Development of a Real-Time, Continuous, Fluorescence Microplate Assay for Epidermal Growth Factor Receptor Tyrosine Kinase Activity

Development of a Real-Time, Continuous, Fluorescence Microplate Assay for Epidermal Growth Factor Receptor Tyrosine Kinase Activity

Erik Schaefer, Ph.D. and Bill Lu, Ph.D.

 AssayQuant Technologies, Inc., 260 Cedar Hill Street, Marlboro, MA 01752

Epidermal Growth Factor Receptor (EGFR) is a member of the HER (Human Epidermal growth factor Receptor) network of receptor tyrosine kinases (https://www.ncbi.nlm.nih.gov/pmc/articles/PMC5215954/).  It is a self-phosphorylating dimer that is one of the most commonly found modified oncogenes in solid tumors (https://pubmed.ncbi.nlm.nih.gov/22785351/).  This family of ligand-binding, activatable, receptor-based enzymes are active targets for drug discovery (https://www.ncbi.nlm.nih.gov/pmc/articles/PMC3359794/), particularly in combination with antibody therapies (https://pubmed.ncbi.nlm.nih.gov/15289342/).

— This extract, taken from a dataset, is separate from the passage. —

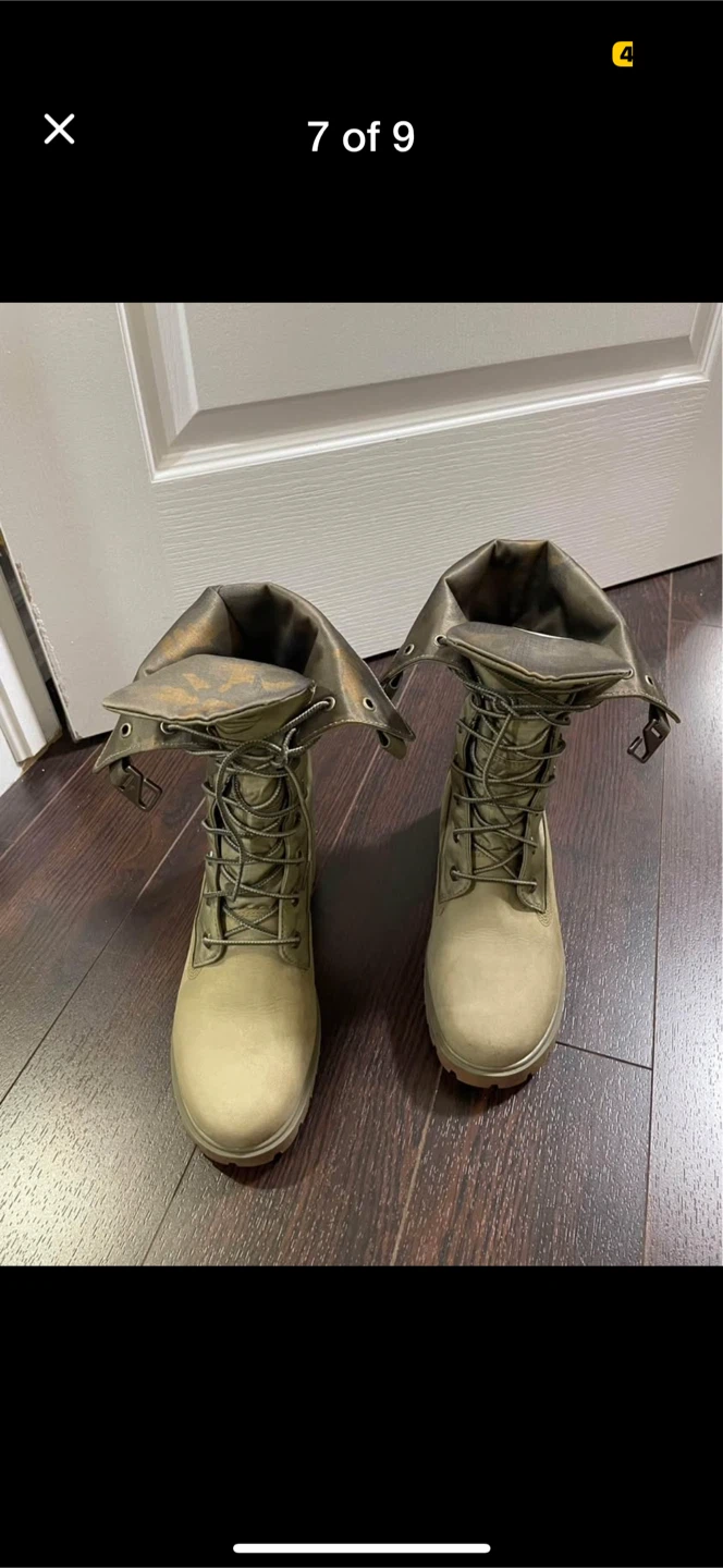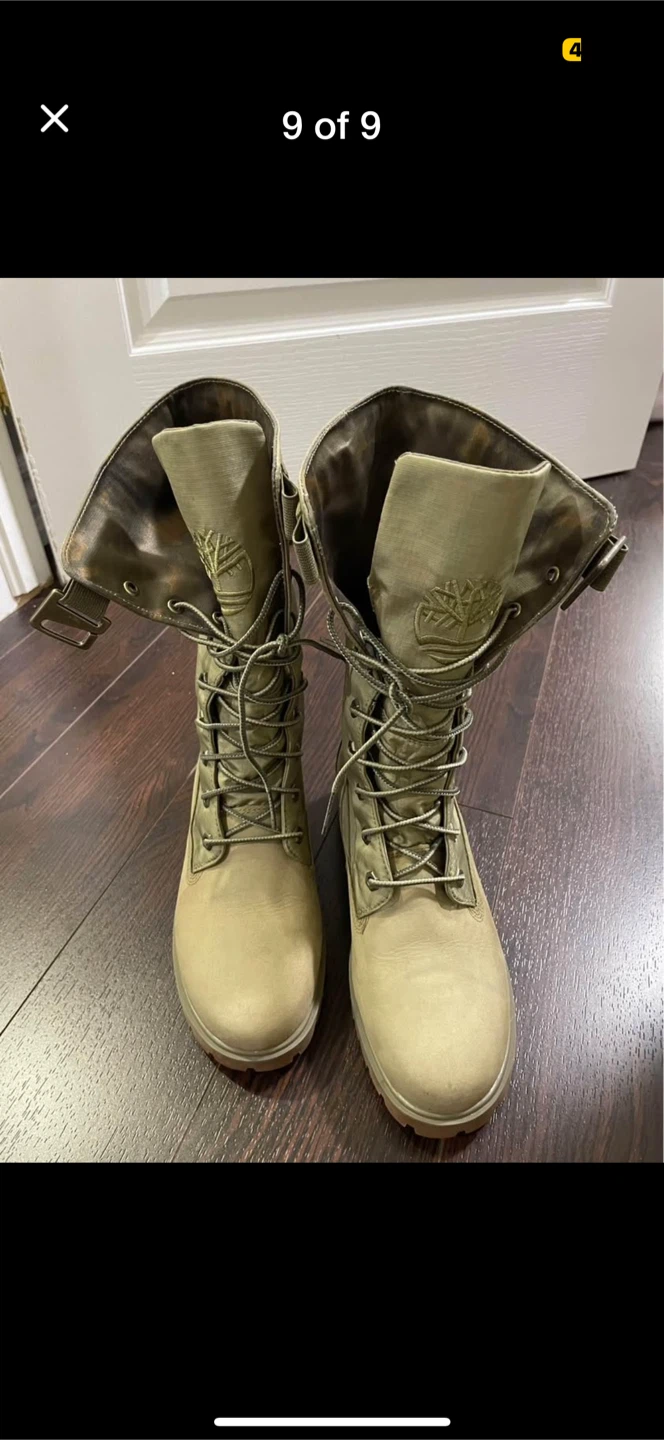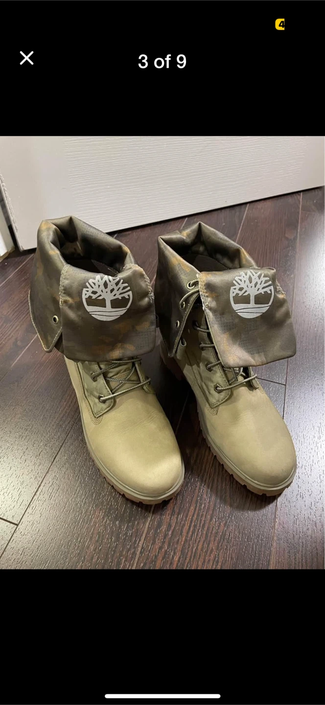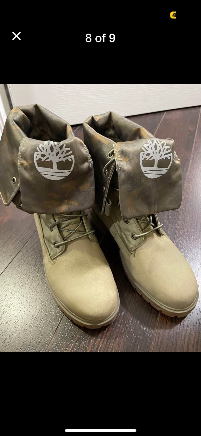 Timberland limited edition boots š„¾ size 7 womenās, size 5.5 menās green leather. They can be rolled down to show off the feature of camouflage interior.

Yet, antibody-dependent cell-mediated cytotoxicity is a complex phenomenon and the efficacy of a particular kinase inhibitor, when combined with a particular monoclonal antibody, appears to be highly dependent on mechanism of action of the inhibitor (https://clincancerres.aacrjournals.org/content/27/3/807).  Therefore, tyrosine kinase activity assays that enable analysis of this mechanism of action, allowing profiling and ranking of lead candidates early in the discovery process, are likely to be more fruitful for developing such combined therapeutic  approaches than end-point inhibitor screens.  We describe here the development of a continuous, real-time, fluorescence-based assay for EGFR tyrosine kinase inhibitors, designed for use in combination with standard lab-automation equipment, which provides the key kinetic data necessary for ranking and dissecting the mechanism of action of lead candidates.  We found that we could readily distinguish covalent from reversible inhibitors based on residence time and that the method worked with wild type (natural) EGFR and five different mutants.  The method is highly reproducible and easy to use, identifying known inhibitors readily, along with elucidating their modes of action.